2. It is a manual of administration. It lays down certain practical suggestions for the functioning of administration. In the words of an eminent scholar, “The Arthashastra is more a manual for the administration than a theoretical work on polity discussing the philosophy and fundamental principles of administration or the political sciences. It is mainly concerned with the practical problems of government and describes its machinery and functions, both in peace and war, with an exhaustiveness not seen in and later work, with the possible exception of Shukra Niti”.

3. The book superseded the works of all the predecessors. In this book references have been made to Manusmriti and Yainaval- smriti. This will be clear from the folowing :

“The conclusion is supported by the data of Arthashastra of Kautilya, for innumerous places it refers to and discusses the views of Vishalakha, lndra, Manu, Parsara, Bhardwaj, Gaurasivas and other scholars of sciences of polity that are referred to in Arthashastra”.

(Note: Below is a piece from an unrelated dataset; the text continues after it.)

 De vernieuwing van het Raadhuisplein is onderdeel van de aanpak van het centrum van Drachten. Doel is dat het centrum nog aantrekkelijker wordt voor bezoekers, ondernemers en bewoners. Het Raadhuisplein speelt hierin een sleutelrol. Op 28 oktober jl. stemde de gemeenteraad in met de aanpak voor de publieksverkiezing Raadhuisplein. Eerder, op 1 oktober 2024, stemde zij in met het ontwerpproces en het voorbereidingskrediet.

The book has been studied by critics very minutely. They have held the book monumental work. This will be clear from the following :

“This monument work has been for some years before the scholars for critical study. It is no longer correct to assert that Hindu mind did not couduct to the development of political theories. It is no longer correct to affirm that Indians never freed their politics from theological and metaphysical environment, and never set up its science or art as an independent branch of knowledge. The very first chapter of Kautilya enlightens us on the subject. It deals with Vidyas (branches of knowledge) whicn were prevalent in his time. All human knowledge known to India in the time of Kautilya, was divided into four branches. They were Anvikaski (philosophy), Tryi (Theology), Varta (economics) and Dandaniti (Polity). It is not clear that Hindu mind showed equitable regard to the sciences making material progress and those conducive to spiritual culture.

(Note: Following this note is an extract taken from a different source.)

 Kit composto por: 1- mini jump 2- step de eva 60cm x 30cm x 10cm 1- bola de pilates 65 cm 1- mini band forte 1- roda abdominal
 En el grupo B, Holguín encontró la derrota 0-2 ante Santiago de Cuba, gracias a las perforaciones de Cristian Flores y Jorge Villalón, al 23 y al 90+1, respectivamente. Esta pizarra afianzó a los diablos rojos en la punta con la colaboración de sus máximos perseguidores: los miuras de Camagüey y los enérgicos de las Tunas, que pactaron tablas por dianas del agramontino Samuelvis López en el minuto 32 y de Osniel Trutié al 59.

There was no encroachment of either philosophy or theology on the doctrine of polity or economies as no doubt was the base is later times. On the contrary, we have every reason to suspect that there was encroachment the other way that is the encroachment of polity on theology or philosophy-—it is absurd to affirm that Indian had for ever subordinated the study of the science of politics to that of theology and philosophy and had never developed it as an independent branch of knowledge”.

4. It is a practical book of administration in which upto date knowledge of the requirement of administration is vividly described. It is in several volumes Book I deals with the various problem connected with kingship, it gives an exhaustive picture of the civil administration in Book II. The next two books deal with the civil, criminal and personal law. The Book deals with the duties and responsibilities of the courtiers of the king. Book VI lessons the nature of Prakrities of the State.

Then the work devotes it is last books contain exhaustive discussion of problems connected- with foreign policy, the circles of king and the policy to be followed in connection with the different members, the ways and means by which to establish one’s ascendancy among them, the occasion suitable for war and peace. The manners in which warfare was to be carried out on or dissensions “were to be sword among the enemies”.

It deals with the function of King, Council of Ministers, Ambassadors, Spy system and the administration of the villages and cities.

Relation with other countries. Kautilya has laid down the rules to be followed about interstate relations. He has laid down the Mandal number and divided the State into four categories according to the number as given below :

(a) Allies (friendly states)
(b) opponents (enemy state)
(c) ordinary states
(d) Indifferent states.

It has been suggested that the speed of. dissension should be shown in other states so that they may never become powerful.

Kautilya has given an important place to doot (ambassador). Doot is expected to be the mouth piece of King. It is through him that dialogue take place in different states. He has also suggested that doot should travel in the State to which appointed to the having clear picture of state. He should offer presents to the King of the country in which appointed, to promote friendly relations on suitable occasions.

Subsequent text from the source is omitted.